*EXERCISE DATA*:

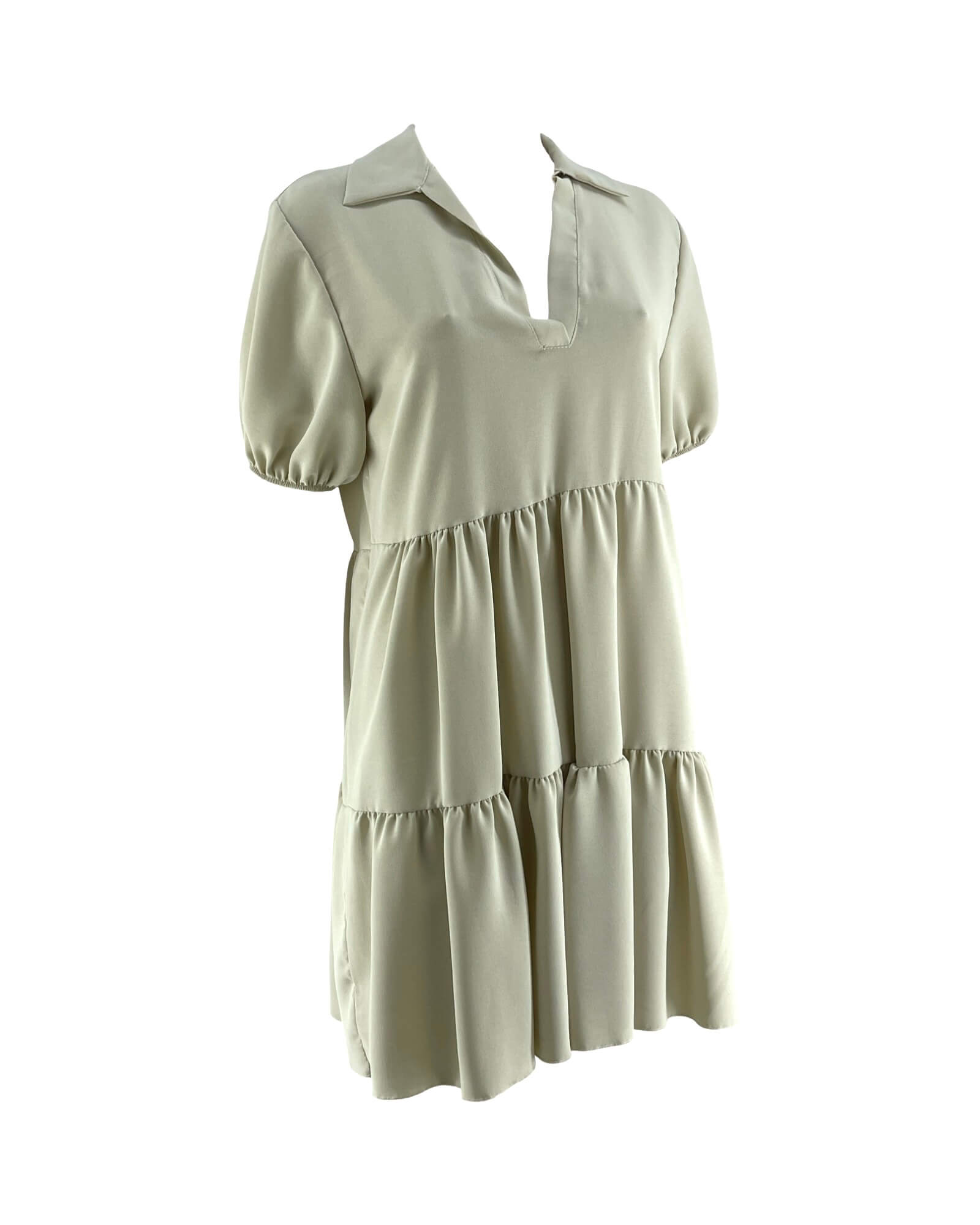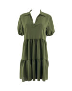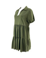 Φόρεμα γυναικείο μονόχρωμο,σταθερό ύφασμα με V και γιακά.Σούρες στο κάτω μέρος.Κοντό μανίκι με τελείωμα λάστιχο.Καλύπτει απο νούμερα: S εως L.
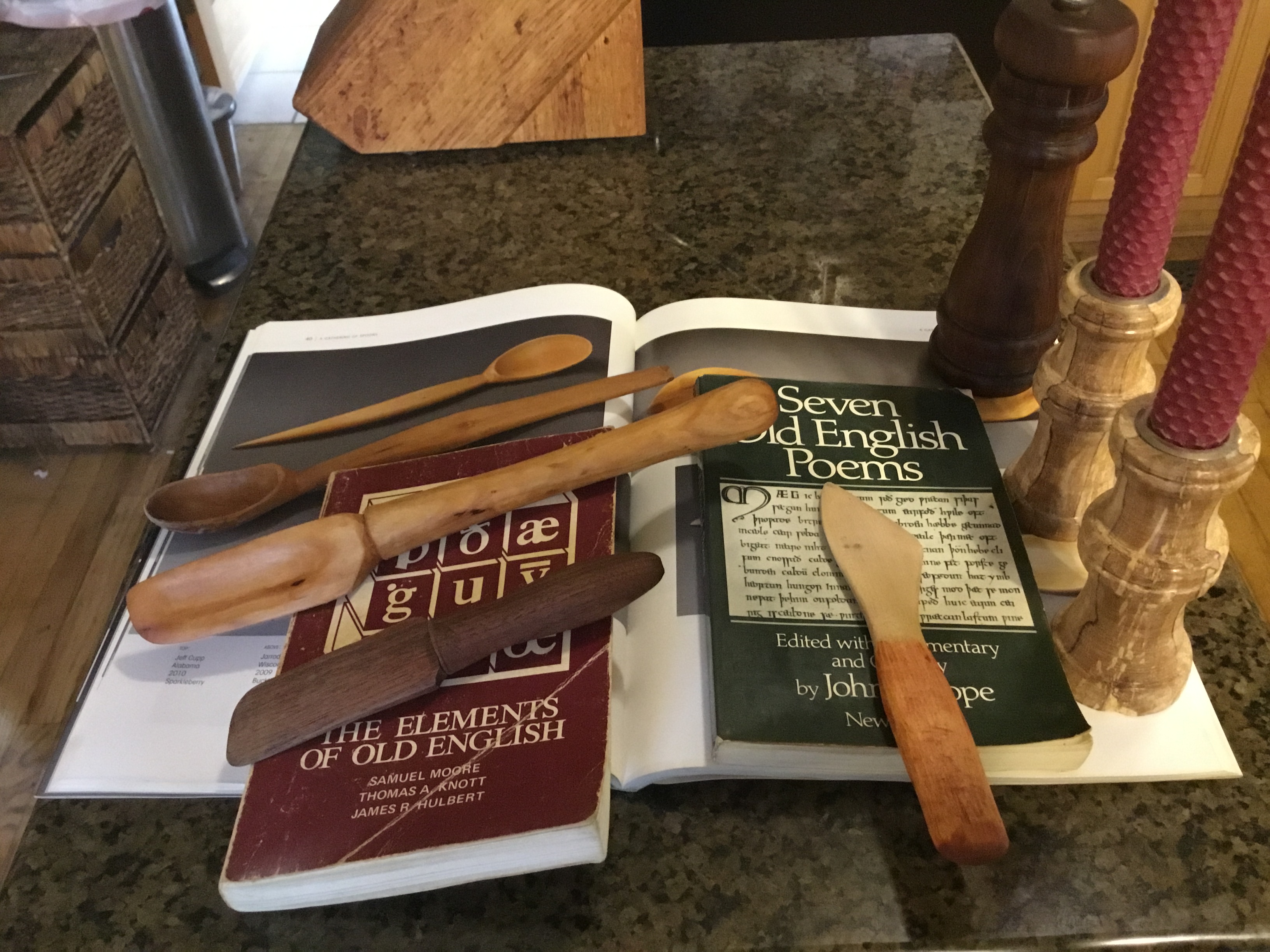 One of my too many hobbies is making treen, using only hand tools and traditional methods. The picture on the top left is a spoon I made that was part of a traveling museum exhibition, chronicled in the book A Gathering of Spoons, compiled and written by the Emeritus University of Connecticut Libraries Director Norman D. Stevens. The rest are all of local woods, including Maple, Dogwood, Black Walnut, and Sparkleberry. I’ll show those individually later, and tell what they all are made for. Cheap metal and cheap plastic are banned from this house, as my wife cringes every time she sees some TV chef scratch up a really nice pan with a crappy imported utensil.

---

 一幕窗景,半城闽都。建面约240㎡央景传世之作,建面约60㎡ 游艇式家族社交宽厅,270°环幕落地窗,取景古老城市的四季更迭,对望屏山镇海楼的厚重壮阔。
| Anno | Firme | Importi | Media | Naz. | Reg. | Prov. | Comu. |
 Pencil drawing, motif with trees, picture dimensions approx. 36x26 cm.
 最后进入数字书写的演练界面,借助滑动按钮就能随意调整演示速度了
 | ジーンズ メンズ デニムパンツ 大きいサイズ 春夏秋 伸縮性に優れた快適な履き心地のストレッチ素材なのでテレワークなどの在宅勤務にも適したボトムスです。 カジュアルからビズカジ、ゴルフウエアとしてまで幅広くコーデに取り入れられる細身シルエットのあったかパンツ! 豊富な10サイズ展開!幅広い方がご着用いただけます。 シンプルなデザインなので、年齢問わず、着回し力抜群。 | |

---

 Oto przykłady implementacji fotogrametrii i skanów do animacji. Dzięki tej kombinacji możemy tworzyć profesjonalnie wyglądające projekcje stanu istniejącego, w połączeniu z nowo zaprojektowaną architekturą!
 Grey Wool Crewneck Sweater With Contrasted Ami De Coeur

*TASK PROMPT*: Every line from the line containing "Prov. | Comu. |" through the line containing "シンプルなデザインなので、年齢問わず、着回し力抜群。 | |" in the records above must be retyped exactly. Leave out the rest.

*RESPONSE*:
| Anno | Firme | Importi | Media | Naz. | Reg. | Prov. | Comu. |
 Pencil drawing, motif with trees, picture dimensions approx. 36x26 cm.
 最后进入数字书写的演练界面,借助滑动按钮就能随意调整演示速度了
 | ジーンズ メンズ デニムパンツ 大きいサイズ 春夏秋 伸縮性に優れた快適な履き心地のストレッチ素材なのでテレワークなどの在宅勤務にも適したボトムスです。 カジュアルからビズカジ、ゴルフウエアとしてまで幅広くコーデに取り入れられる細身シルエットのあったかパンツ! 豊富な10サイズ展開!幅広い方がご着用いただけます。 シンプルなデザインなので、年齢問わず、着回し力抜群。 | |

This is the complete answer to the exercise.